According to official data, China’s gold reserves increased by 30,000 troy ounces in February, bringing total holdings to 74.22 million troy ounces. This marks a full 16 months of uninterrupted accumulation since the current buying cycle began in November 2024. Despite international gold prices experiencing a correction in February, they have recently climbed back above the $5,000 per ounce threshold amid escalating Middle East conflicts. The PBoC’s decision to continue purchasing at relatively elevated price levels underscores its firm confidence in gold’s long-term value.
Spot gold surged more than 8% in February, marking its seventh consecutive monthly gain. Heightened global political and economic uncertainty continues to drive capital flows into gold assets. Although prices retreated this week amid diminishing rate cut expectations and rising energy costs, they remained near $5,135 per ounce as of Friday. Market observers note that each pullback is viewed by long-term investors as a buying opportunity.
Global Central Bank Logic Holds Steady as China Leads the Charge
The World Gold Council reports that global central bank purchasing activity slowed somewhat at the beginning of the year due to price volatility. However, analyst Marissa Salim suggests that while price fluctuations may have temporarily moderated some central banks’ buying pace, ongoing geopolitical tensions “are likely to keep central banks accumulating gold throughout 2026” as they seek to diversify reserves and hedge against global uncertainty.
Within this global trend, China’s accumulation campaign stands out as particularly noteworthy. The 16-month consecutive increase not only reflects Beijing’s forward-looking assessment of international conditions but also signals long-term considerations toward optimizing the country’s reserve composition.
Echoing the central bank’s steadfast accumulation, physical gold demand within China continues to demonstrate robust resilience. Despite historically high price levels, premiums in the Chinese market remained steady at $13-$15 per ounce over international benchmark prices last week, slightly higher than the previous week’s levels. Peter Fung, head of dealing at Wing Fung Precious Metals, noted that the stable premium indicates “even with gold prices above $5,000, physical demand in China remains very steady. People continue to buy gold for long-term investment.”

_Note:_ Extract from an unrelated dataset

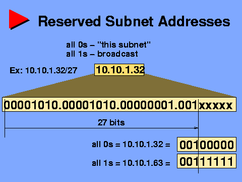 The all 0s address was used by older routing protocols to distinguish a subnet route from a 32-bit host route. The all 1s address was used to broadcast to all hosts on the subnet. Since newer routing protocols are fully capable of handling routing prefixes of any length, and anything that can be done with broadcast can be done better with multicast, both of these reserved addresses belong in the arcana of Internet history books. Unfortunately, some TCP/IP implementations still use these reserved addresses, and many more implementations maintain backwards compatibility, so it's best to err on the safe side and not assign these two addresses.
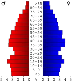 Auf das gesamte County bezogen setzte sich die Bevölkerung zusammen aus 23,4 Prozent Einwohnern unter 18 Jahren, 10,4 Prozent zwischen 18 und 24 Jahren, 26,9 Prozent zwischen 25 und 44 Jahren, 24,1 Prozent zwischen 45 und 64 Jahren und 15,2 Prozent waren 65 Jahre alt oder darüber. Das Durchschnittsalter betrug 38 Jahre. Auf 100 weibliche Personen kamen 92,7 männliche Personen. Auf 100 Frauen im Alter von 18 Jahren alt oder darüber kamen statistisch 88,7 Männer.

This phenomenon of “buying more as prices rise” reflects Chinese investors’ deep-seated conviction in gold’s safe-haven attributes. Against a backdrop of intensifying global economic uncertainty, gold’s role as the ultimate safe-haven asset grows increasingly pronounced. Both the central bank’s strategic reserve adjustments and ordinary investors’ asset allocation decisions now place gold in an indispensable position.
Conclusion
As global instability becomes the new normal, gold’s value proposition is being reaffirmed. The PBoC’s 16 consecutive months of gold accumulation represents both a rational choice to hedge external risks and optimize reserve structure, while also sending a powerful signal to markets: in turbulent times, gold remains a core asset worth holding for the long term. Facing a complex and evolving international environment, China is taking concrete steps to build a more robust reserve system, laying a solid foundation for economic security.